Presumably Mr Haldane had the first of these endings – the Victorian one – in his mind when he warned that “now is not the time for the economics of Chicken Licken.”
That, after all, was the tenor of his speech, that the news really isn’t all that bad and we need to stop catastrophising before we do ourselves some serious harm: “Collective anxiety is as contagious, and could be as damaging to our well-being, as this terrible disease.”
He has half a point.
The economic news is not quite as bad as many had feared.
The economy did indeed slump dramatically in the second quarter but it is beginning to regain some of the lost ground.
Unemployment has not risen as high as some feared, although it is probably too early to draw any firm conclusions.
But here’s the thing: save for some measures of consumer confidence (which are still low compared with before the disease hit) it is not altogether obvious that people are actually catastrophising.
If we are following the path of Chicken Licken, it seems that so far at least people are following the Buddhist version, where they constantly assess whether their fears are really justified by reality.
Indeed, if there is one bright, shining light in the economic firmament, it has been the behaviour of consumers in their spending.
Retail sales collapsed in the face of the lockdown, but have since bounced back in precisely the kind of V-shape many economists had hoped for.
The path of retail sales isn’t representative of the entire economy, but it is a pretty good gauge of consumer sentiment, and far from being stuck in the doldrums, it has recovered almost completely.
Where there are areas of the economy that remain stuck, they remain stuck for reasons that go far beyond anxiety.
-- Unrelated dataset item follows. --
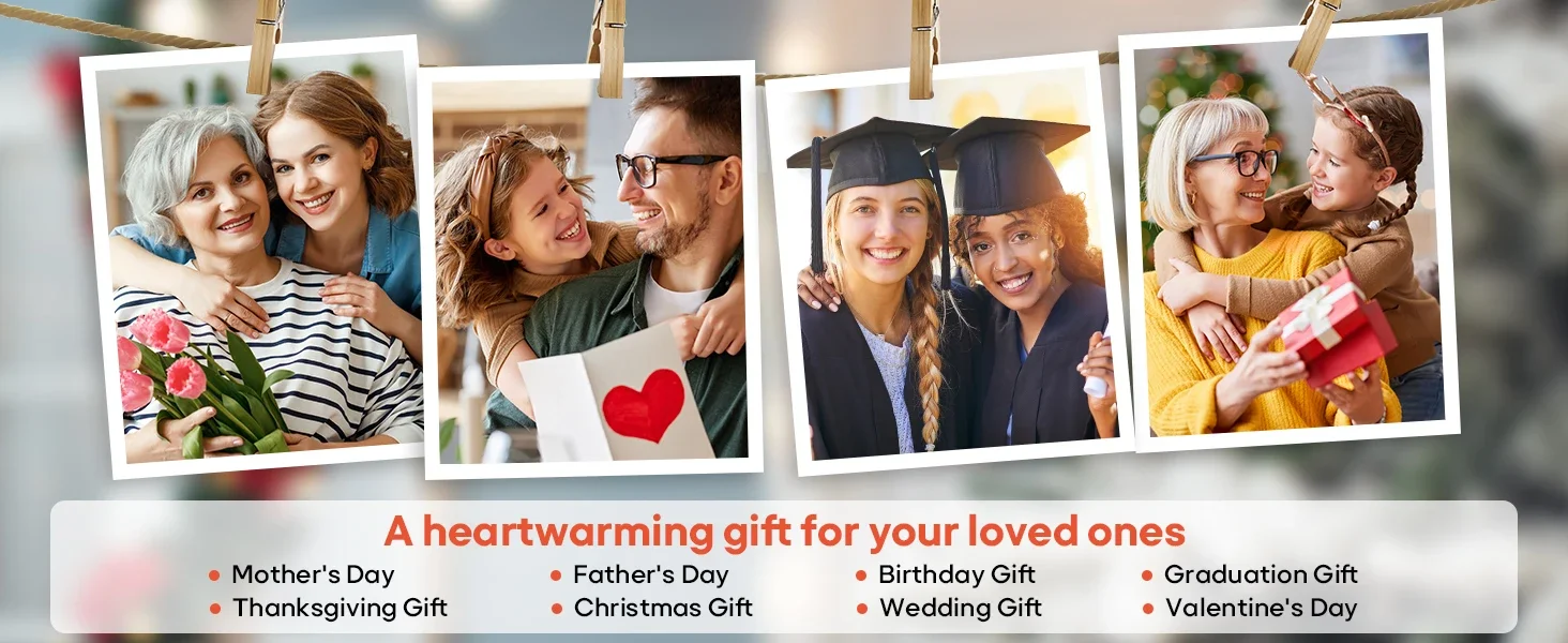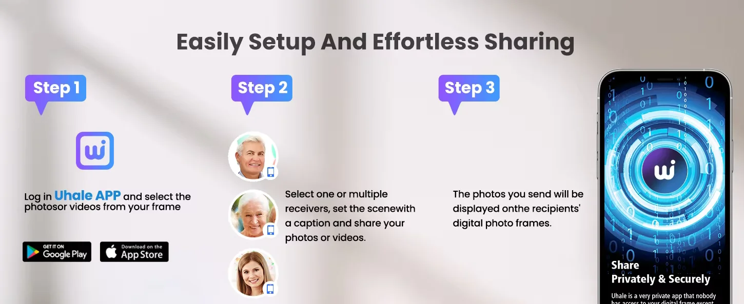 L’APP Uhale è completamente gratuito e supporta la trasmissione dei dati illimitata di foto e video.È adatto per qualsiasi gruppo di persone: compleanni, matrimoni, anniversari per la crescita del bambino, cerimonia di laurea, festa della mamma, festa del papà, nonno e nonna Non importa dove o come lontano, puoi sentiere che la tua famiglia al lato a tutte le volte.I cornici per foto digitali sono la scelta migliore per i regali.

The hospitality sector is unable to function as normal due to lockdowns and restrictions.
Events businesses are unable to operate.
Transport firms face a collapse in demand as people work from home.
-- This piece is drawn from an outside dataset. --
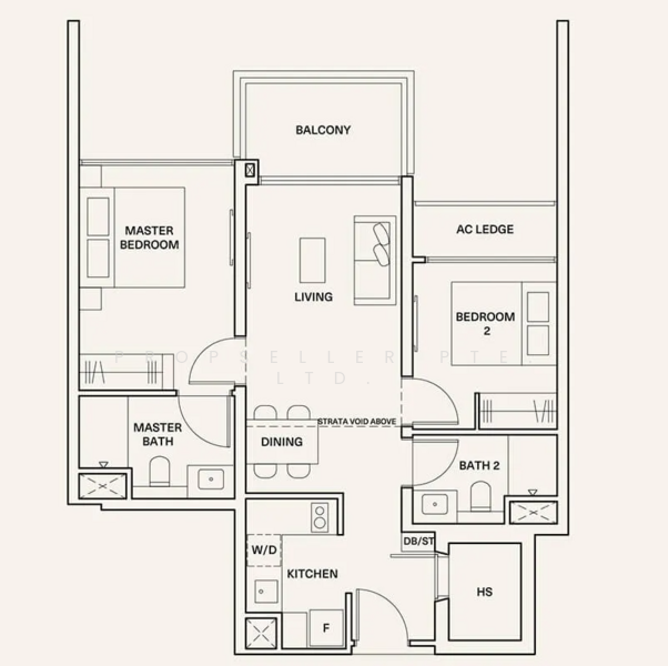 - 2 bedrooms + 2 bathrooms

These are not the fruits of sentiment but of a genuine (but hopefully temporary) shift in the structure of the economy.
It is real, not imaginary.
Perhaps the real subtext of Mr Haldane’s speech was that the real Chicken Lickens are the media.
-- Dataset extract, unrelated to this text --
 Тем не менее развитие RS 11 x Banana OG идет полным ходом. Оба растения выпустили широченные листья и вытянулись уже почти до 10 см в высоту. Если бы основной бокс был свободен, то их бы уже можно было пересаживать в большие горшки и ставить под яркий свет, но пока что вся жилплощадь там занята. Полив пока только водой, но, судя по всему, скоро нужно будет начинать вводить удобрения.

He pointed in his speech towards reports following the second quarter gross domestic product figures, which were largely focused on the record quarterly fall rather than the fact that growth did bounce back in the final month of that quarter.
Now, given this article is written by a journalist, please feel free to discount what I’m about to point out.
But let’s try to imagine a moment in recent economic history where the vast majority of economic journalists warned that we were heading for an economic downturn and the vast majority of the public simply ignored them.
Seems unlikely, doesn’t it?
On the basis of Mr Haldane’s argument, precisely the opposite should happen.
Yet this is exactly what happened during and after the EU referendum of 2016.
The ranks of the establishment predicted a recession if Britain voted leave; in the event British consumers ignored that and carried on spending regardless.
There was no recession, in large part because people simply ignored all those scary warnings.
Indeed, the evidence suggests that all too often people discount what they are reading and seeing in the media and carry on living their lives.
The British public behave far more like the sensible lion in the Buddhist version of this fairytale, preferring to make their own judgments about the state of the economy rather than getting wound up in a kind of mass hysteria.